The imperial Mogul women were indeed the jewels of the world, because the beauties of Asia were chosen to be their mothers. The net of the Emperors swept wide, and I, who in virtue of my age and faithful service have seen, testify that there was none like them, and the loveliest of all was fit but to serve my Princess kneeling. Shall not the truth be told? Of the soul within that delicious shrine her deeds must tell.
Now as I have written she sat with Imami by the little lake, and I in a marble recess by one of the great latticed windows that looks down on Jumna river and on the other side over the city of Shahjahanabad, new and luminous in magnificence. In all the world else are no such palace and city. At this moment she read aloud a letter from her father Aurungzib concerning the memoirs of her ancestor the Emperor Babar who founded their dynasty in India, a book written by his own hand and religiously preserved in the Mogul archives, and she read it with anger because when she demanded this book from the librarian, the Padshah hearing wrote thus:
“Happy Daughter of Sovereignty. There is one manner of life for men, who are the rulers, and for women, who are the slaves. It seems you go too far. What has a daughter of our House to do with our ancestor Zah-r-ud-din Muhammed Babar, the resident in Paradise? I have granted much already. Plant not the herb of regret in the garden of affection. He writes as a man for men. The request is refused. Recall the verse of the poet:
“ ‘Ride slowly and humbly, and not in hurrying pride
For o’er the dusty bones of men, the creature of dust must ride.’
“What an Emperor writes is not suitable for the Princesses of his House. His duty is rule; theirs, obedience.”
It was a discouragement but a command, and another had laid the finger of obedience on the lips of silence, but, taking counsel with her heart, this Princess did not so.
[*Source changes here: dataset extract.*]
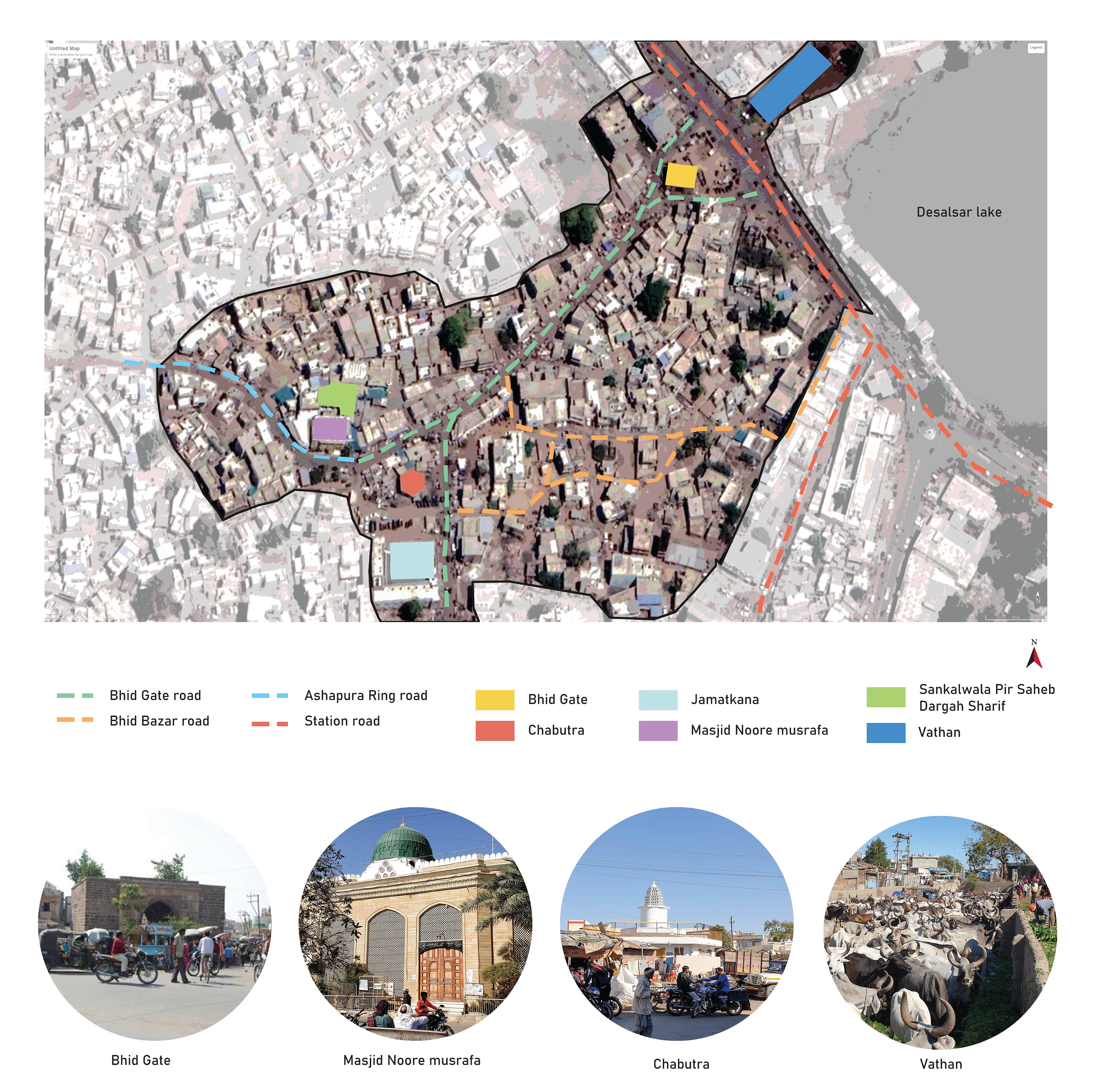 The project "Streets as Public Space" is a joint research effort by Hunnarshala Foundation, Bhuj, and The Centre for Policy and Governance, TISS, Mumbai. It aims to explore the role of public spaces in Southern cities, focusing on themes like vulnerability, social reproduction, and sustainability. The research specifically looks at the streets of Bhuj, analyzing their impact on the city's perception through interviews with vendors, pedestrians, shop owners, and Urban Local Body officials.

She called to me for her pen and wrote in answer:
“Exalted Emperor, Shahinshah, Shadow of God, King of the world, Refuge of the needy, father of the body of this creature of mortality, be pleased to hear this ignorant one’s supplication. Surely you have fed my mind on the bee’s-bread of wisdom, and from your own royal lips have I learnt that the words of our ancestor (upon whom be the Peace!) are full of flavour and laughter, generous and kind, shining with honour and the valour of our family. Now, since this is the root whence sprang your auspicious Majesty’s rule, should not a humble daughter triumph in it? True is it that I am your female slave, yet may this worthless body bear one day a son to transmit your likeness to the prostrate ages, and since we do not breed lions from lambs, his mother should carry the laughter and fire of her race like a jewel in the mine of her soul. I make my petition to the Padshah, the holiest of Emperors.”
“It will be granted me,” said the Princess reading these letters aloud to Imami and to me, “because of that last word—the holiest. He values that title more than to be called the Shahinshah. And with all my heart I would it were otherwise.”